To investigate dynamics, we define the ground state as an initial state.

.. code:: ipython3

    psi_init = [[0] * 9]
    psi_init[0][0] = 1
    init_state = tf.transpose(tf.constant(psi_init, tf.complex128))

.. code:: ipython3

    init_state




.. parsed-literal::

    <tf.Tensor: shape=(9, 1), dtype=complex128, numpy=
    array([[1.+0.j],
           [0.+0.j],
           [0.+0.j],
           [0.+0.j],
           [0.+0.j],
           [0.+0.j],
           [0.+0.j],
           [0.+0.j],
           [0.+0.j]])>



Since we stored the process matrices, we can now relatively inexpensively
evaluate sequences. We start with just one gate

.. code:: ipython3

    barely_a_seq = ['rx90p[0]']

and plot system dynamics.

.. code-block:: python

    def plot_dynamics(exp, psi_init, seq, goal=-1):
            """
            Plotting code for time-resolved populations.

            Parameters
            ----------
            psi_init: tf.Tensor
                Initial state or density matrix.
            seq: list
                List of operations to apply to the initial state.
            goal: tf.float64
                Value of the goal function, if used.
            debug: boolean
                If true, return a matplotlib figure instead of saving.
            """
            model = exp.pmap.model
            dUs = exp.partial_propagators
            psi_t = psi_init.numpy()
            pop_t = exp.populations(psi_t, model.lindbladian)
            for gate in seq:
                for du in dUs[gate]:
                    psi_t = np.matmul(du.numpy(), psi_t)
                    pops = exp.populations(psi_t, model.lindbladian)
                    pop_t = np.append(pop_t, pops, axis=1)

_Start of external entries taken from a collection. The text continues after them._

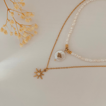 Add a touch of timeless elegance to your wardrobe with our stunning natural pearl necklace set. Perfect for any occasion, this versatile set effortlessly enhances your boho chic style with its multiple layers and stacked chains.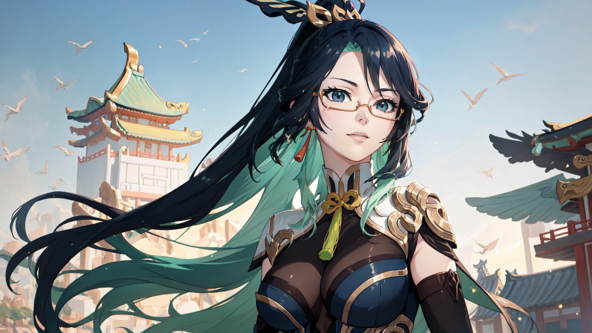 | Prompt | <lora:xianyun_v2:0.8>xianyun, very long hair, ponytail, hair ornament, semi-rimless eyewear, earrings,black bodysuit, elbow gloves, high heels,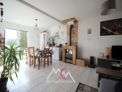 En un impasse, dans un environnement calme et verdoyant, découvrez cette superbe maison familiale construite en 2007, offrant de beaux volumes, une belle luminosité et une vue dégagée sur les champs. L'entrée donne sur une pièce de vie comprenant un salon-séjour avec un poêle à bois et sa cuisine aménagée et équipée, ouvert sur une terrasse exposée Sud/Est avec vue dégagée, un véritable atout pour profiter pleinement des journées ensoleillées et des moments en famille ou entre amis. Le rez-de-chaussée offre également une vie de plain-pied grâce aux deux chambres disposant de placard, ainsi qu'une salle de bain avec douche, et un wc. À l'étage, une agréable mezzanine créée un espace supplémentaire idéal pour un bureau ou un espace détente, et dessert deux chambres avec rangements, ainsi qu'une salle d'eau avec wc. À l'extérieur, vous apprécierez la terrasse conviviale, l'abri de jardin pratique, et surtout le terrain clos de 700 m2, sans vis-à-vis, avec une superbe vue dégagée sur la nature. Calme et sérénité assuré !

            fig, axs = plt.subplots(1, 1)
            ts = exp.ts
            dt = ts[1] - ts[0]
            ts = np.linspace(0.0, dt*pop_t.shape[1], pop_t.shape[1])
            axs.plot(ts / 1e-9, pop_t.T)
            axs.grid(linestyle="--")
            axs.tick_params(
                direction="in", left=True, right=True, top=True, bottom=True
            )
            axs.set_xlabel('Time [ns]')
            axs.set_ylabel('Population')
            plt.legend(model.state_labels)
            pass



.. code-block:: python

    plot_dynamics(exp, init_state, barely_a_seq)



.. image:: dyn_singleX.png


We can see an ill-defined un-optimized gate. The labels indicate qubit
states in the product basis. Next we increase the number of repetitions
of the same gate.

.. code-block:: python

    barely_a_seq * 10




.. parsed-literal::

    ['rx90p[0]',
     'rx90p[0]',
     'rx90p[0]',
     'rx90p[0]',
     'rx90p[0]',
     'rx90p[0]',
     'rx90p[0]',
     'rx90p[0]',
     'rx90p[0]',
     'rx90p[0]']



.. code-block:: python

    plot_dynamics(exp, init_state, barely_a_seq * 5)



.. image:: dyn_5X.png


.. code-block:: python

    plot_dynamics(exp, init_state, barely_a_seq * 10)



.. image:: dyn_10X.png


Note that at this point, we only multiply already computed matrices. We
don’t need to solve the equations of motion again for new sequences.